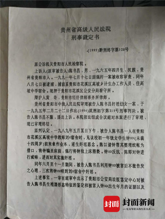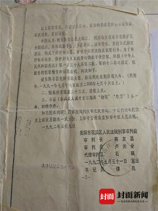 從蓬興明、陳書昌出具的花溪區法院判決書顯示:蓬興明、陳書昌均被花溪區人民檢察院指控犯奸淫幼女罪;同年5月31日,花溪區法院分別以蓬興明、陳書昌犯強姦罪,判處二人有期徒刑九年。
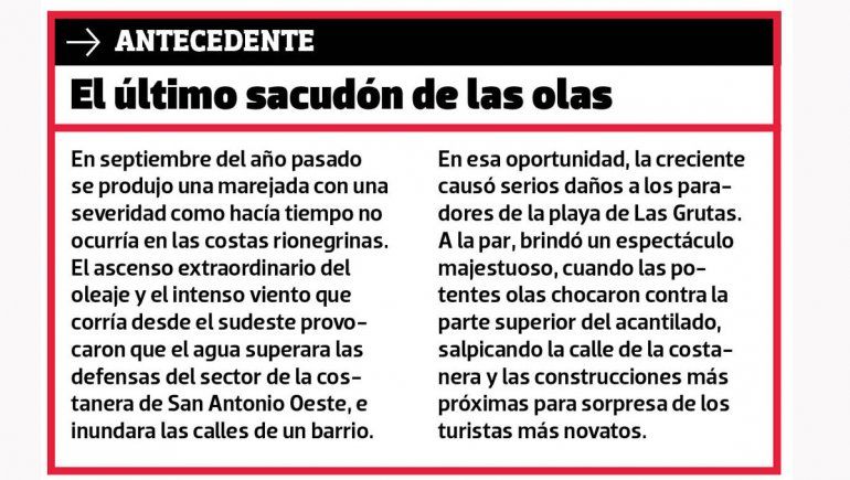Si las ráfagas son intensas y del sur o sudeste, el agua podría avanzar más de lo previsto. Hay sectores donde el riesgo es mayor, como en Piedras Coloradas. Los visitantes acostumbran a dejar sus vehículos en una hondonada que está rodeada de paradores y comercios. Pero el mar comienza a filtrarse por un desnivel de la playa y llega hasta el estacionamiento. Los comerciantes acostumbran a alertar a los turistas, ya que no hay cartelería informativa al respecto.
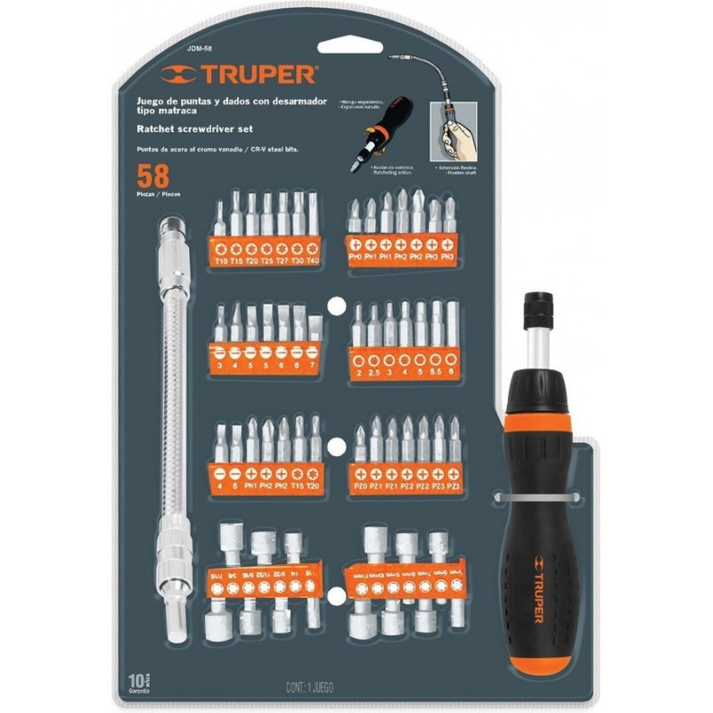 Ratcheting screwdriver & bits set 58pcs Truper®

_PROBLEM REQUIREMENTS_:
Please copy the data shown above, line by line and exactly, omitting the images.

_PROBLEM SOLUTION_:
 從蓬興明、陳書昌出具的花溪區法院判決書顯示:蓬興明、陳書昌均被花溪區人民檢察院指控犯奸淫幼女罪;同年5月31日,花溪區法院分別以蓬興明、陳書昌犯強姦罪,判處二人有期徒刑九年。
Si las ráfagas son intensas y del sur o sudeste, el agua podría avanzar más de lo previsto. Hay sectores donde el riesgo es mayor, como en Piedras Coloradas. Los visitantes acostumbran a dejar sus vehículos en una hondonada que está rodeada de paradores y comercios. Pero el mar comienza a filtrarse por un desnivel de la playa y llega hasta el estacionamiento. Los comerciantes acostumbran a alertar a los turistas, ya que no hay cartelería informativa al respecto.
 Ratcheting screwdriver & bits set 58pcs Truper®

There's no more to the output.